The risk of collateral damage is real and we’d be better off listening to the major employers, training providers and awarding organisations, getting behind our one professional Chartered Institute and driving the sector forward. In Tara Dillon, we now have a dynamic CEO at CIMSPA with the skills to drive this agenda forward; the industry must make it a priority to support her fully.

What’s holding the sector’s major bodies and associations back from closer collaboration?
It’s an area of regret for me that relationships with Sport England weren’t better during my time at ukactive. I think there was a lack of fundamental trust in the partnership, as Sport England was running a strategy that believed ‘how do we get more people playing sport?’ was the question and that 49 National Governing Bodies were the answer. At ukactive, we knew that was ridiculous and we said so.

While we were able to do lots of great work together, this lack of trust and fundamental disagreement on strategy undermined our mutual chances of success.

I’m delighted to see this is changing and I’ve no doubt the governance review of ukactive is a major part of that. Sport England can now see a very strong, independent, independently sustainable organisation with a unique network and genuine expertise that can enable Sport England to achieve the big tasks within its strategy. ukactive is run by a world-class board and an outstanding chair in Tanni Grey-Thompson – who personifies the level of integrity needed – while in Steve Ward, Sport England has someone to work with who knows its pain and wants to help.

The new Sports Strategy will be key to closer collaboration between Sport England and ukactive, as it’s now all about more people, more active, more often. Movement is the goal, not sport, and the wider set of outcomes play to the abilities of ukactive and its members.

The DCMS strategy was a major step in the right direction and Sport England is now following suit. It would have been very easy to retreat to its comfort zone, focus on NGBs, and say it would get to the rest. But Sport England has recognised, with the DCMS mandate, that the time is now.

Where do you stand on big brand partnerships? Does the industry really need to work with the likes of Coca-Cola?
Ask the Treasury: it’s just announced plans to have school sport sponsored by soft drinks through the ‘sugar tax’. My view on this is simple: big brands have a marketing reach and ability to influence consumers in ways our sector can only dream of. Does it absolve them of the need to remove sugar from the national diet, educate consumers on portion sizes and create a country of nutrition-conscious people?
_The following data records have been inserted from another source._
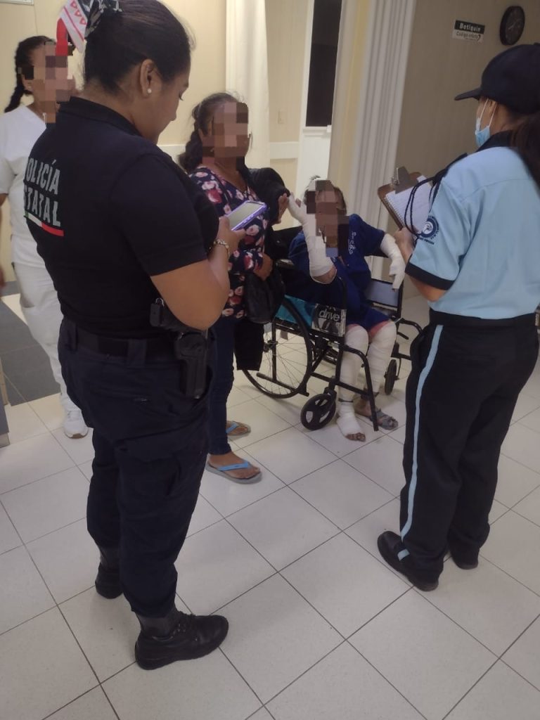 Al trasladarse al sitio, los agentes encontraron una camioneta Toyota Hilux que transportaba a una mujer de 80 años, quien sufrió quemaduras en un accidente en su domicilio, donde se encontraba gasolina para su venta, siendo acompañados por los agentes. La afectada intentaba encender una veladora cuando se produjo la explosión.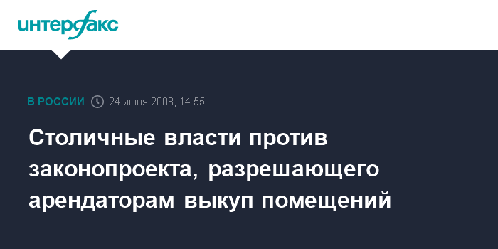 Москва. 24 июня. INTERFAX.RU - Московские власти выступают против предстоящего принятия Госдумой РФ во втором чтении законопроекта, позволяющего арендаторам выкупать у города помещения.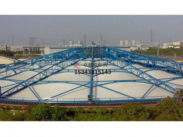 索膜結(jié)構(gòu)污水池結(jié)構(gòu)形式:其結(jié)構(gòu)形式有反吊膜結(jié)構(gòu)、懸索結(jié)構(gòu)和充氣膜結(jié)構(gòu)(無骨架式)三種。其中,反吊膜結(jié)構(gòu)的原理是以外部鋼構(gòu)為支撐骨架,將抗腐蝕性強的膜材(如氟碳纖維膜)反吊覆蓋于污水池上方,使膜材與腐蝕性氣體隔離,保護鋼構(gòu)不受侵蝕,適用于造紙廠、化工廠、市政污水處理廠等腐蝕性環(huán)境;懸索結(jié)構(gòu)的特點是利用柔性拉索調(diào)節(jié)膜面張力,無需內(nèi)部骨架,材料用量少且工期短,局限性是其僅適用于特定跨度的池體,靈活性較低;充氣膜結(jié)構(gòu)(無骨架式)的工作原理是通過內(nèi)部空氣壓力支撐膜面,形成大跨度無立柱空間,適用于超大池體(如200米以上跨度),優(yōu)勢是可增設門窗,便于設備檢修。

No. They’ll be held to account for that.

What I think is interesting is that the sugar tax now gives these companies a fundamental right to have an opinion on all of this. They’ll be individually writing cheques with nine figures on them. They’ll want to know what they’re getting for that and where the evidence of impact is. At the same time, you’ll have the nutrition lobby stating that you can’t outrun a bad diet, with some truth in it. So, if there’s going to be £500m coming the way of our sector, we’d better get our house in order to avoid a situation where these two powerful lobbies point out the lack of impact they think we and their funding are having.

Does the rise of the ‘mega-trusts’ mean reduced competition or a stronger sector?
Whoever said mega-trusts are reducing competition is wrong. It’s fiercer than ever and that’s great for local communities.